Stefani Ribka, Jakarta – After several years of weak manufacturing industry growth, the government hopes to spur the sector through a masterplan that will shift activities from Java and prioritize specific industries.

The government has set a target of boosting manufacturing by 8.4 percent by 2019 after five years of 4 percent annual growth, well below overall economic growth, amid signs of de-industrialization.

During the 1990s, manufacturing grew at twice the pace of GDP growth, with the labor-intensive sector accounting for 30 percent of GDP, a rate that has since dropped to well below 25 percent.

"We need to improve the manufacturing sector," Industry Minister Airlangga Hartato said when opening the Indonesia Chamber of Commerce and Industry's (Kadin) national coordination meeting in Jakarta on Tuesday.

In doing so, the government has drafted the National Industry Development Masterplan (RIPIN), which aims to even out industrial growth nationwide, not only in Java, by providing tax incentives and improving infrastructure outside the main island by 2019. Today, 70 percent of the manufacturing sector is concentrated on Java Island.

Under RIPIN, four manufacturing sectors are being prioritized: labor-intensive (food and beverages, furniture and footwear), import substitution (chemicals and pharmaceuticals, iron and steel), export orientation (electronics, palm oil and derivatives, pulp and paper, automotive) and downstream (cacao, sugar, smelter). Oil and gas products like petrochemicals are also prioritized.

"Since 1998, we've had no newcomer in the petrochemical sector – not because there's no demand anymore, but it's being met by imports from China," Airlangga said. The government is planning to develop a petrochemical industry in Bintuni in West Papua.

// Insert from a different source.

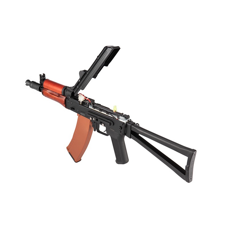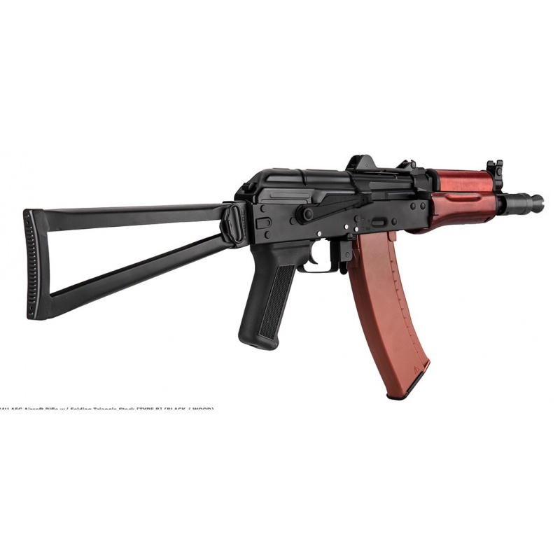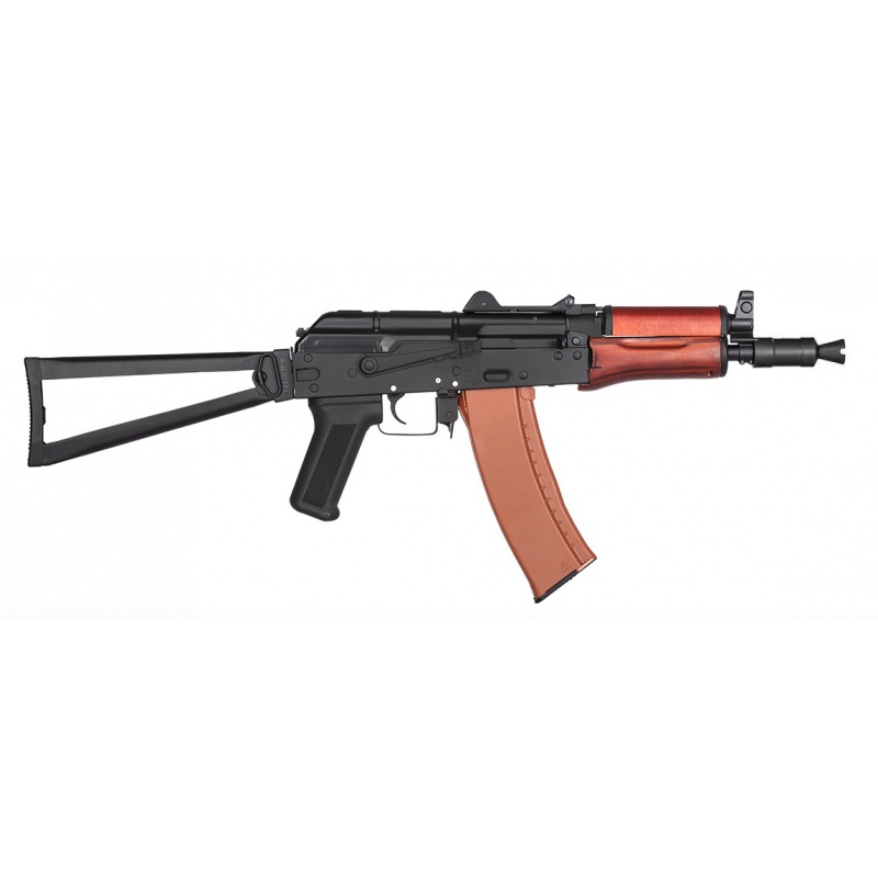 Modèle corps métal de la célèbre AKS74 en version courte, avec sa crosse repliable en métal et son garde-main en bois. Equipé d'origine d'un rail latéral pour le montage d'optique pour AK.

Kadin vice chairman for industry Johnny Darmawan said businesspeople were discouraged from investing by the lack of infrastructure outside Java. "The government needs to act fast in disbursing funds to develop infrastructure once the budget is set," he said on the sidelines of the meeting.

High gas, electricity and logistics costs, as well as lengthy dwell times – the time taken for goods to be loaded and unloaded at ports – are also cited as impediments to growth in the manufacturing sector, industry players have said.

Unwillingness by local companies to use local products and government policy flip-flop are two others, said Kadin vice chairman for trade Benny Soetrisno and Indonesian Palm Oil Producers Association (Gapki) secretary general Togar Sitanggang.

Airlangga maintained that ASEAN economies, especially Indonesia as the largest, hoped to provide stable growth to the world amid China's lackluster economic performance, with the manufacturing sector poised to expand to fill the gap left by the slowdown in the commodities sector.

The government is also considering the establishment of a development bank to finance manufacturers with long-term projects, boost the participation of small and medium enterprises (SMEs) in production, as well as marketing value-added products and developing the digital economy to expedite business transactions.

In 2015, non-oil and gas manufacturing grew 4.61 percent. Machinery, equipment and transportation led the growth, while the biggest contributors to the sector remained food and beverages, chemicals, pharmaceuticals and traditional medicines. On the other hand, textiles, garments, rubber and plastics all suffered contractions.